Introduction
The article explains the pipe function in Pandas, the ‘pipe’ function is a very useful function through which we can chain multiple processing operations into one. In this article, we will look at
- What is the Pipe function?
- How it works
- Understanding by example
Let’s explore
pipe function
The common operation while working with datasets are handling missing values, sorting, dropping duplicates, removing unwanted data, etc., we should create these individual operations in a function and chain all these functions through the ‘pipe’ function.
Syntax
df_final = (df.pipe(functionOne).pipe(functionTwo).pipe(functionThree))
df_final = (df.pipe(handle_missing_values).pipe(sort_df).pipe(drop_duplicates))

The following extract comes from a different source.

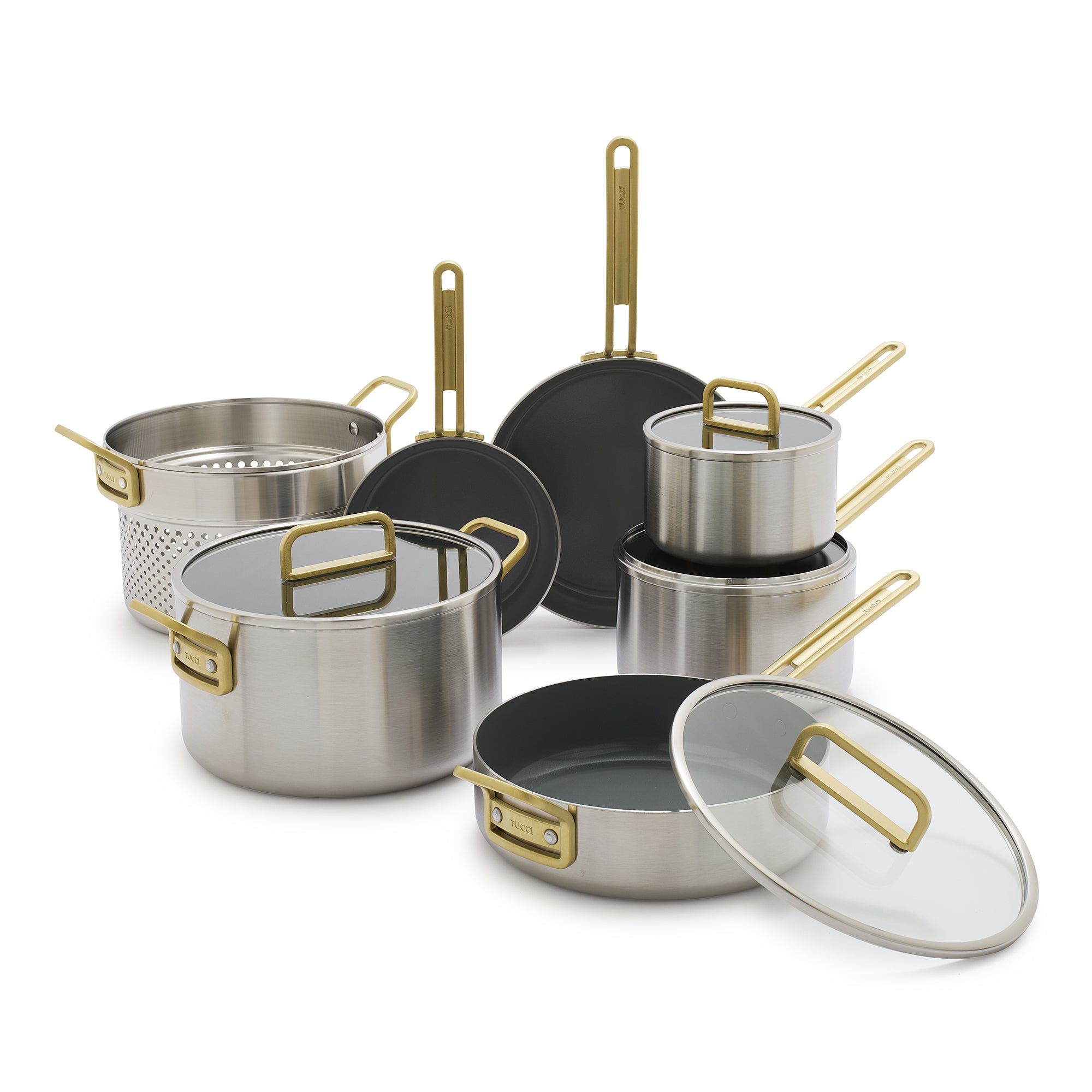 Stanley Tucci™ Stainless Steel Ceramic Nonstick 11-Piece Cookware Set | Champagne Handles

pipe function allows chaining together functions that have Series, DataFrame, GroupBy objects as parameters.
Setup
In this article, we look into the same dataset which I have always used in my Pandas articles we will work on a Kaggle dataset that provides YouTube video trending statistics, URL: https://www.kaggle.com/datasnaek/youtube-new and the file we are using is ‘USvideos.csv’.
df = pd.read_csv('USvideos.csv')
df.columns
The columns of the dataset are
Examples of Pipe Function
In the dataset we have multiple columns, we will create a DataFrame which is sorted by the number of ‘likes’ in descending order, then filter out the rows which are liked more than a 1million times, then filter out the videos by a substring of any music video title or music group, resulting in the records we wanted after applying all these steps.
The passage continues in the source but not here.